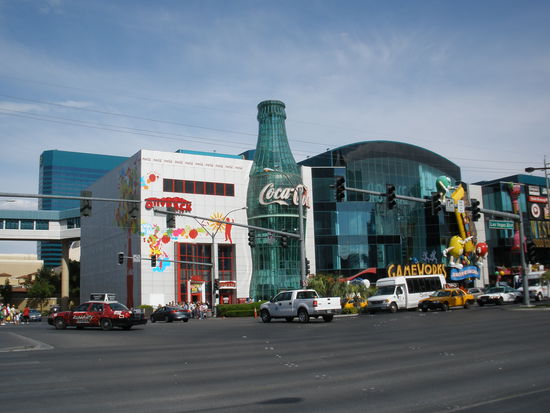 Wir verlassen das MGM und spazieren südwärts den Strip entlang. Viele grosse Läden laden zu einem Besuch ein sei es der riesige Adidas oder Coca Cola Shop. Zudem hat es zahlreiche Souvenirläden, die unter anderem die TV Serie CSI Las Vegas ausgiebig vermarkten.
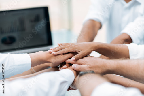 business team is showing their unity . close-up.
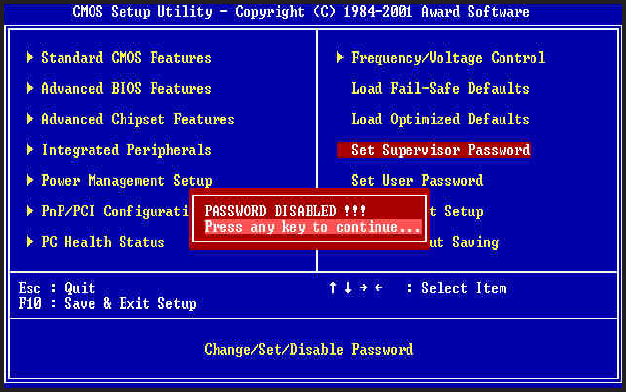 to enter password. A Message <<PASSWORD DISABLED!!!>> will
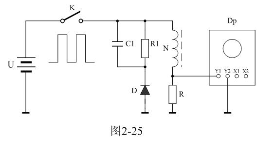 圖2-25中,U是電源電壓,通過(guò)控制開(kāi)關(guān)K不斷地接通和關(guān)斷,就可以把電源電壓調(diào)制成單極性電壓脈沖;N為變壓器初級(jí)線圈,D為反激輸出整流二極管;R1為反激輸出負(fù)載電阻;C1為濾波電容;R為取樣電阻,通過(guò)測(cè)量R兩端的電壓,就可以知道流過(guò)變壓器初級(jí)線圈的電流;取樣電壓被送到示波器Dp進(jìn)行顯示。
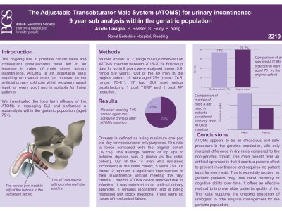 Introduction The ongoing rise in prostate cancer rates and consequent prostatectomy have led to an increase in rates of male stress urinary incontinence. ATOMS is an adjustable sling requiring no manual input and suitable for frailer patients. We investigated the long term efficacy of the ATOMs in managing SUI and performed a subanalysis within the geriatric population (aged 75+). Method 69 men (mean: 70.2, range 50-81) underwent an ATOMS insertion between 2015-2019. Follow up data for up to 9 years were analysed (mean: 5.8, range 5-9 years). Out of the 69 men in the original cohort, 19 were
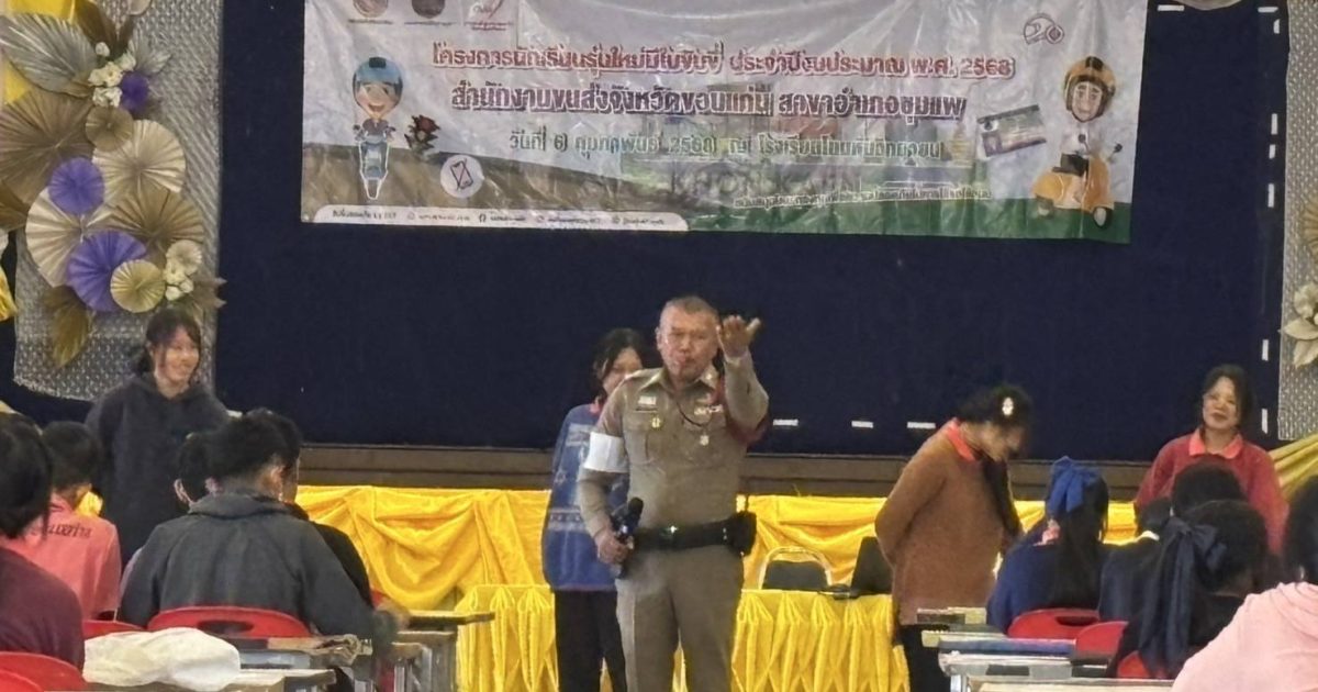 วิทยากรอบรม/บรรยายกฎหมายจราจรเบื้องต้น การขับขี่อย่างปลอดภัย มารยาทในการขับขี่ สัณญาณมือ/นกหวีด และกฎหมายที่เกี่ยวข้องฯ ณ โรงเรียนโนนหันวิทยายน อ.ชุมแพ จ.ขอนแก่น ผู้เข้าอบรมจำนวน 50 คน
------------
**TASK INSTRUCTIONS**
Only the lines from the line containing "to enter password." through the end of the material should be retyped, exactly and in full, with no pictures.

**ANSWER TO THIS PROBLEM**
 to enter password. A Message <<PASSWORD DISABLED!!!>> will
 圖2-25中,U是電源電壓,通過(guò)控制開(kāi)關(guān)K不斷地接通和關(guān)斷,就可以把電源電壓調(diào)制成單極性電壓脈沖;N為變壓器初級(jí)線圈,D為反激輸出整流二極管;R1為反激輸出負(fù)載電阻;C1為濾波電容;R為取樣電阻,通過(guò)測(cè)量R兩端的電壓,就可以知道流過(guò)變壓器初級(jí)線圈的電流;取樣電壓被送到示波器Dp進(jìn)行顯示。
 Introduction The ongoing rise in prostate cancer rates and consequent prostatectomy have led to an increase in rates of male stress urinary incontinence. ATOMS is an adjustable sling requiring no manual input and suitable for frailer patients. We investigated the long term efficacy of the ATOMs in managing SUI and performed a subanalysis within the geriatric population (aged 75+). Method 69 men (mean: 70.2, range 50-81) underwent an ATOMS insertion between 2015-2019. Follow up data for up to 9 years were analysed (mean: 5.8, range 5-9 years). Out of the 69 men in the original cohort, 19 were
 วิทยากรอบรม/บรรยายกฎหมายจราจรเบื้องต้น การขับขี่อย่างปลอดภัย มารยาทในการขับขี่ สัณญาณมือ/นกหวีด และกฎหมายที่เกี่ยวข้องฯ ณ โรงเรียนโนนหันวิทยายน อ.ชุมแพ จ.ขอนแก่น ผู้เข้าอบรมจำนวน 50 คน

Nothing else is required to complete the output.